1914---Howard Marion Crawford (actor: BBC Home Theater), United Kingdom.
1919---Dallas Townsend (newscaster: The CBS World News Roundup; The World Tonight), New York City.
1921---Herb Ellis (actor: The Adventures of Nero Wolfe), Cleveland.
1922---Betty White (hostess: On Animals), Oak Park, Illinois.
1927---Eartha Kitt (as Eartha Mae Keith; singer/actress: Here's to Veterans; The Big Show), North, South Carolina.
1930---Dick Contino (musician: Horace Heidt Youth Opportunity Hour), Fresno, California.
1931---James Earl Jones (actor: We Hold These Truths), Akabutla, Mississippi.
1941---Clive Elvyn Rice (actor: Bobby Benson and the B-Bar-B Riders), Haslemere, Surrey, UK.

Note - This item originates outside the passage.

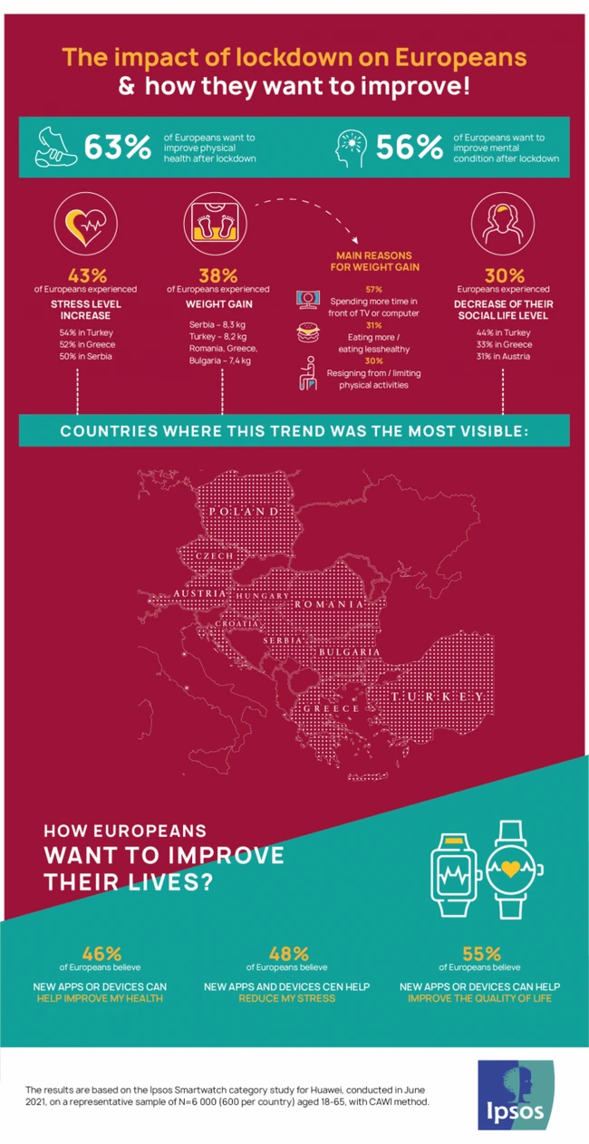Potrivit studiului IPSOS realizat pentru Huawei, ultimele luni au avut un impact mare asupra nivelului de stres al popoarelor din Europa. Marea majoritate a respondenţilor declară că a devenit mai greu să separe viaţa privată de cea profesională şi să menţină un echilibru sănătos între acestea. În consecinţă, studiul evidenţiază că nivelul stresului s-a agravat în medie pentru 43% dintre oameni, iar naţiunile care au suferit cel mai mult au fost turcii (54%), grecii (52%) şi sârbii (50%).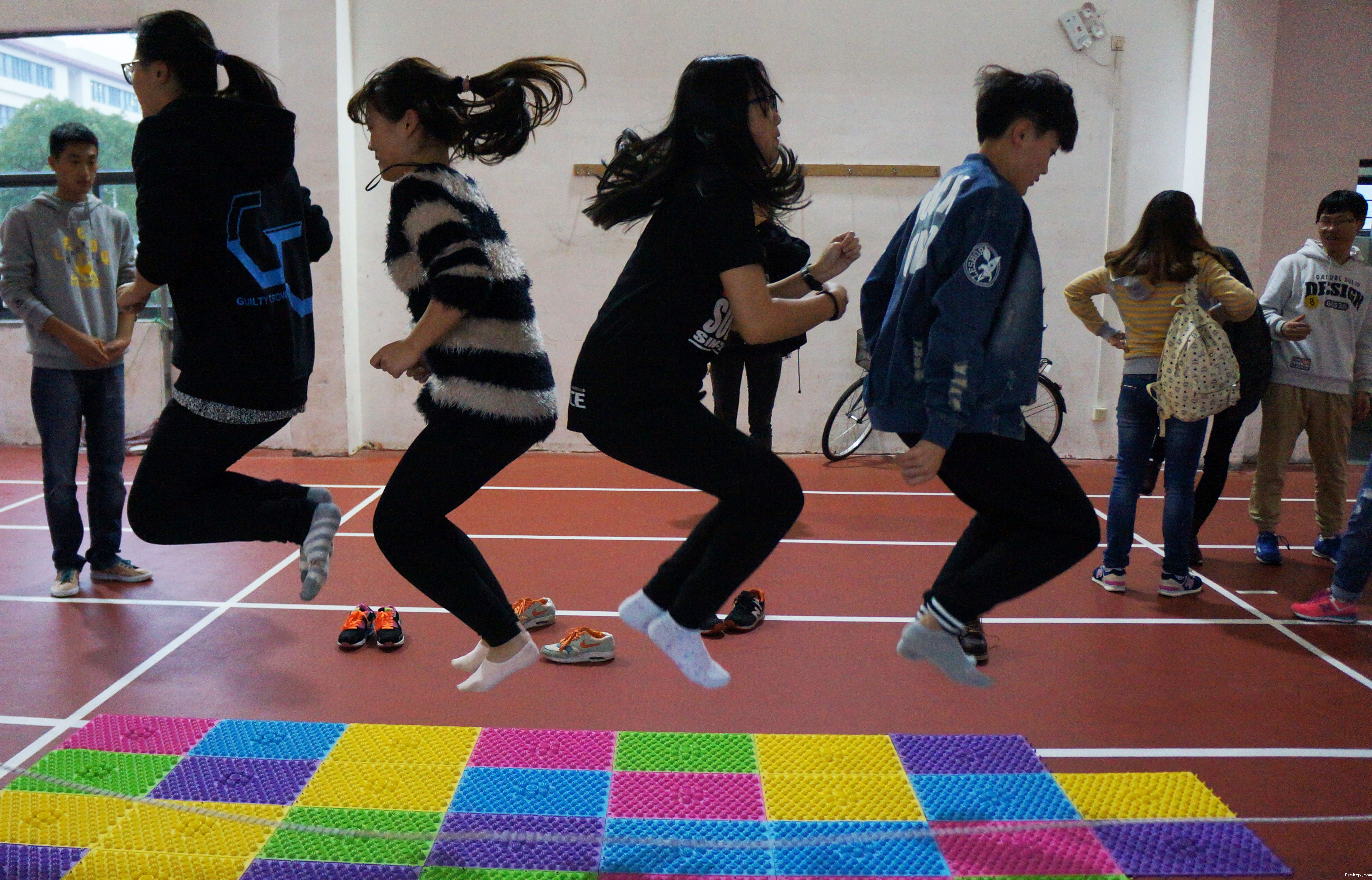 本次活动鼓励班级成员自主组队,形成6人团队参赛,每个团队设立队长和指挥员,设立“指压板”、“跳大绳”、“圈圈圈”、“踢鞋答题”等游戏环节,在答题环节中设置以“传统文化”为主题的题目,各参赛队累计积分,最终顺利完成全部游戏,全部队员在规定时间内赴大学生活动中心指定教室集合完毕且积分最高的团队获胜。

*---A fourteenth episode, from 1939, is known to survive as well, in the middle of a block with historical significance: Kay Fairchild, Stepmother was one of the regularly-scheduled offerings when WJSV, a Washington (D.C.) CBS affiliate, decided to record its entire broadcast day of 21 September 1939. Kay Fairchild, Stepmother will air at the end of a broadcast hour (9:00 a.m.-10:00 a.m. Eastern standard time) that includes, in order, Pretty Kitty Kelly, Myrt & Marge, and Hilltop House.